As we often do, we turned to the internet to see what information we could find to help her prepare. Interestingly enough, there wasn’t a whole lot of information to be found. Yes, there were a few YouTube videos of participants trying to explain what the process was all about and while we found that information helpful, what we really wanted to know was the important stuff…what to wear, what to expect and some first hand information about the whole audition process.
Since we went into this audition with a lot of unanswered questions and little knowledge of the process, I decided to document our experience as I’ve done in my previous Disney College Program posts. Hopefully, you’ll find this information helpful.
We noticed that the Austin auditions are usually held at the same location, Dancer’s Workshop. If your Austin audition is held at this location, there is a lovely Homewood Suites just down the street from the studio. It’s a very nice hotel with spacious rooms, complimentary evening dinner and drinks and a full breakfast in the morning.
Before your audition, have a few inexpensive head shots taken. We took several photos of our daughter outside in our backyard and had them developed at our local Kodak store. She didn’t need to turn them in, but if she made it further in the audition process, she may have needed to. It’s best to be prepared and it also makes you look like you’re a professional.

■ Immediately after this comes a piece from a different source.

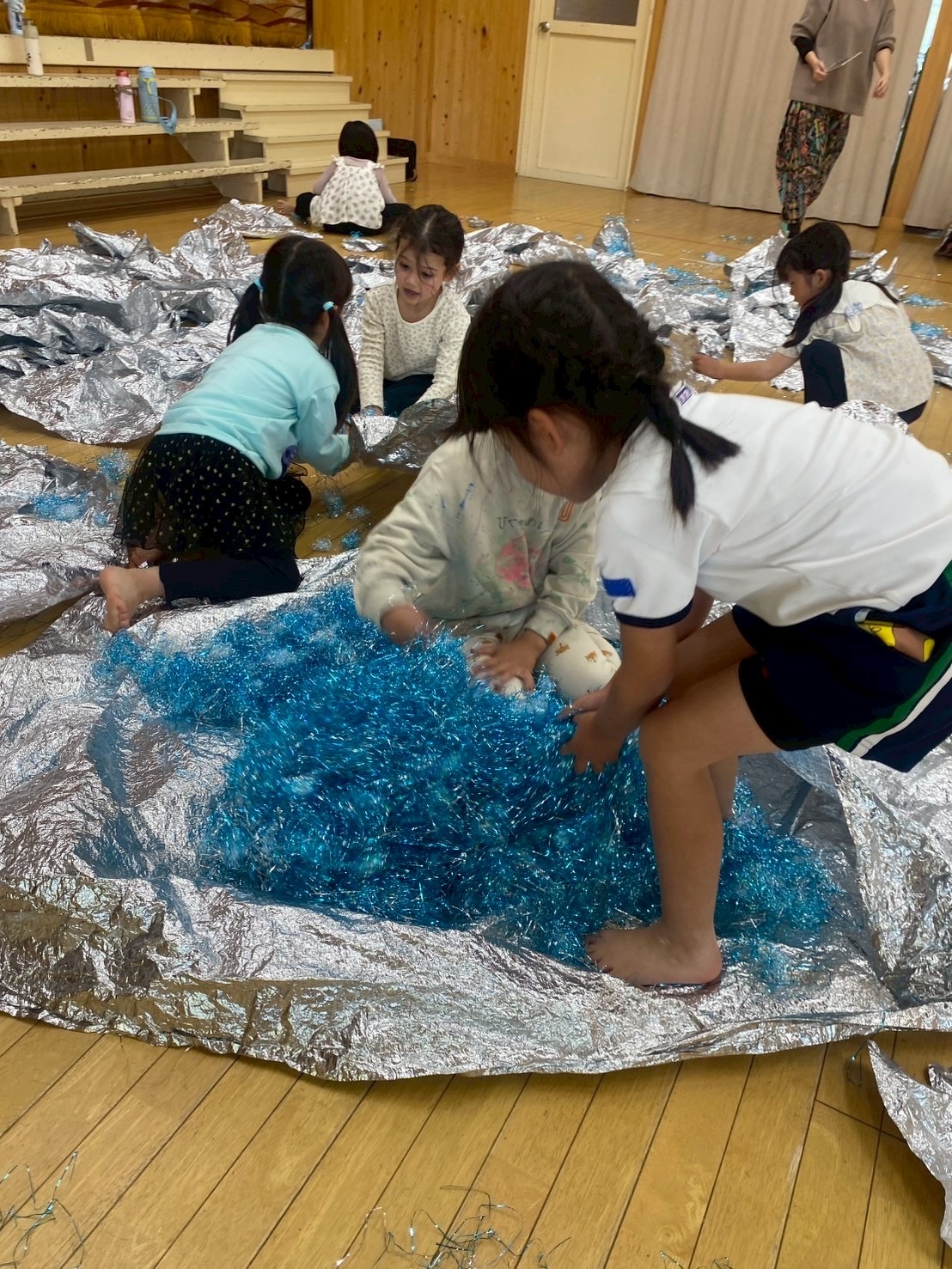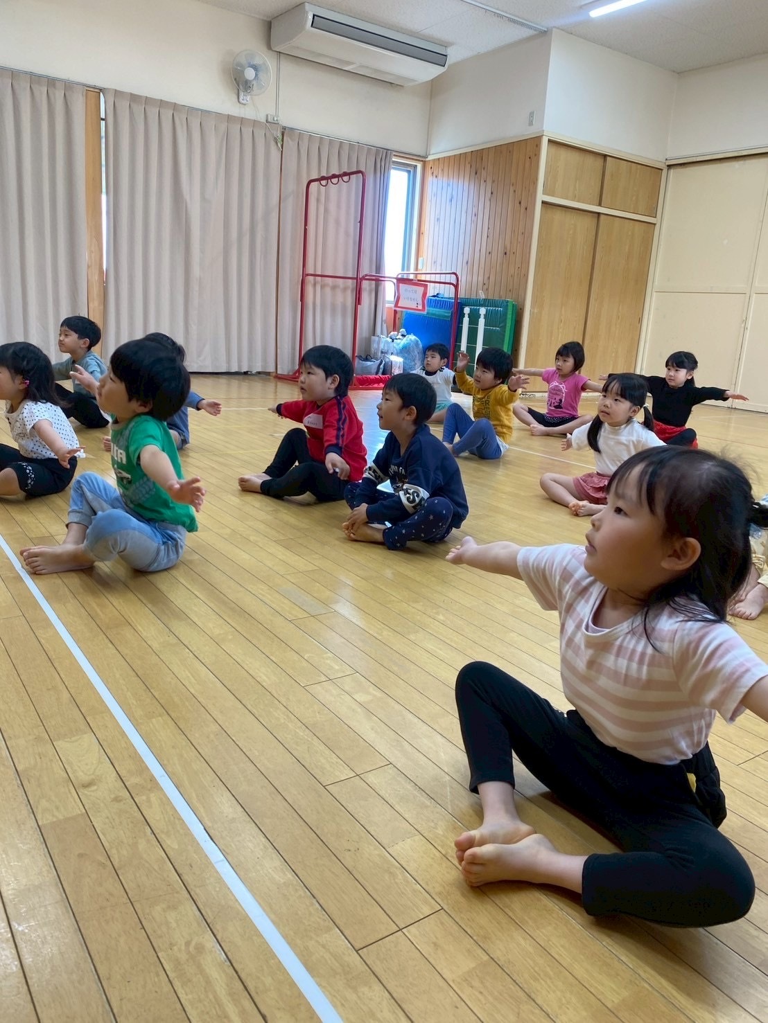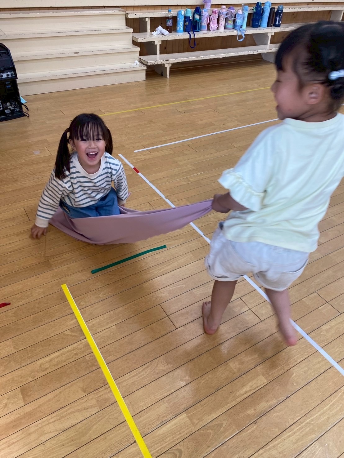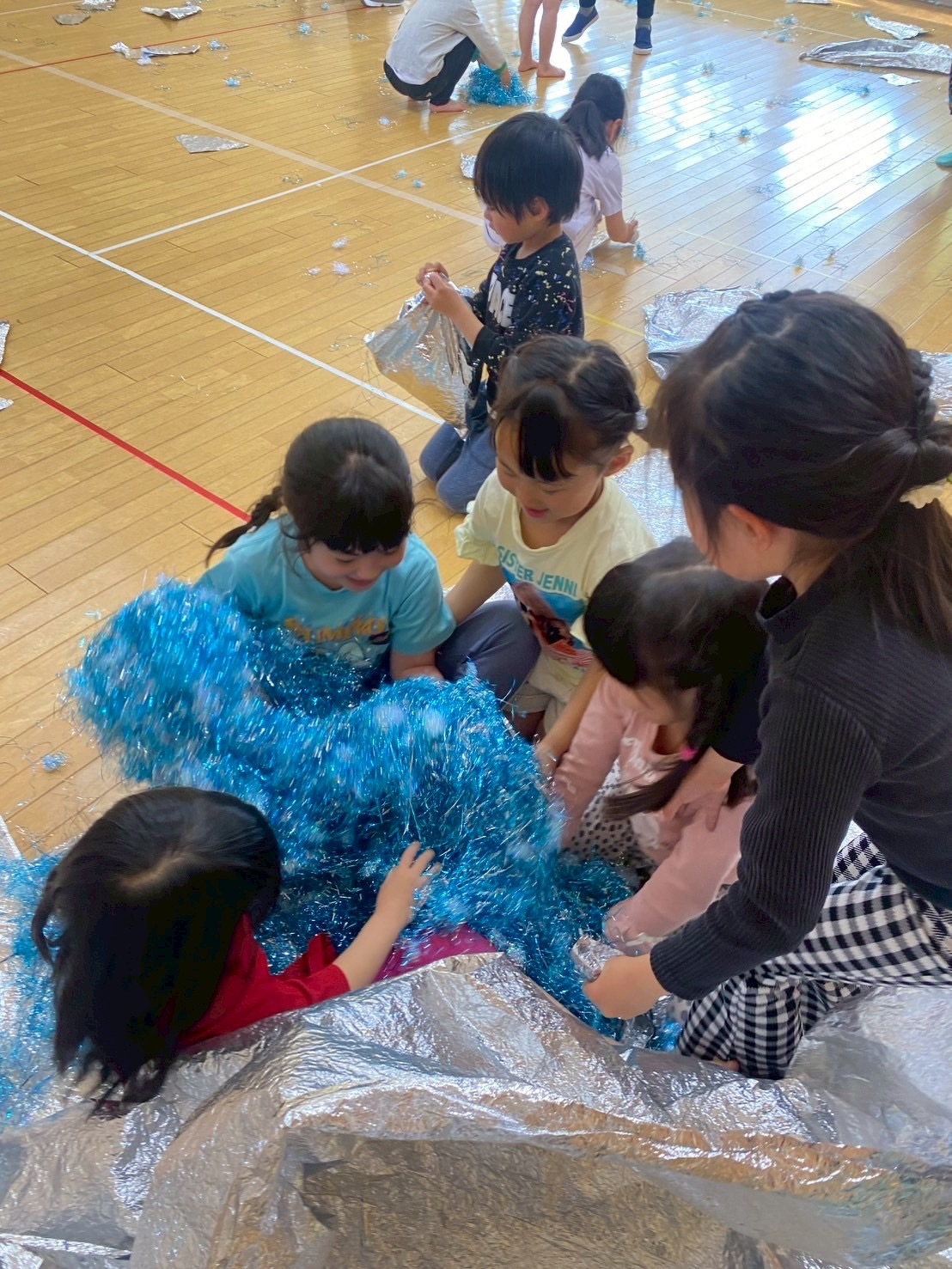 Aグループ(5歳児)アートの日がありました! 2025年04月25日(金) Aグループ(5歳児)アートの日がありました。まずは音楽に合わせて準備運動!次に、怪我をしないようにうまく体を使い、危なくない身体の使い方を実際に動きながら確認しました! 大きな布を使っての表現では、寝転んだり、くるまったり、一枚の布で、いろいろな表現ができました♫ 最後は、様々な素材に触れてみんなで表現を楽しみました⭐︎ みきゆき先生、楽しい時間をありがとうございました!

Even though we read online to wear comfortable clothes such as jeans and nice, comfortable shoes…everyone wore dance attire.
Arrive early. Do not be late.
When my daughter arrived at the audition, she waited in line. When she got to the front, she was asked to type her name into an iPad and was asked whether she would be part of the College Program or a full-time employee. They gave her a number and wrote down her height. Then, she sat and waited.
While none of this is technically “the audition”, my thoughts are that the audition actually begins as soon as you walk in the studio. I think every participant is being assessed.
How well do you interact with others? Do you look enthusiastic, friendly and approachable? I think everyone is being observed on the side by the casting directors.
After a brief wait, kids were called into a room in groups based on the number they were given. For example, 1-50, etc. The others went into another room while the group learned a brief dance which consisted of easy marching and hand waving similar to what one would see in a Disney parade. I’m told that if you advance in the audition process, another dance will be learned and it will be a little more difficult although not hard.
My daughter said she was asked to act out several roles. They told her to pretend she was a parade character. Others have said they were asked to be a pirate. You get the idea. Be prepared to be asked to perhaps step outside your comfort zone and pretend to be someone else. Just let go and have fun.
After each group finished, they were sent back to a larger room where everyone was gathered together. The Disney Casting Director came in and thanked everyone and began to call out numbers. If you’re number wasn’t called, you didn’t make it.
This was where our journey ended. I was in a waiting room with about 50 other moms and dads. There were lots of tears, hugs goodbye and a few congratulations being said. Even though Elizabeth didn’t make it, we both agree that this audition had been a tremendous learning experience. She had lots of fun, we both met new friends and this experience intensified her desire to audition again.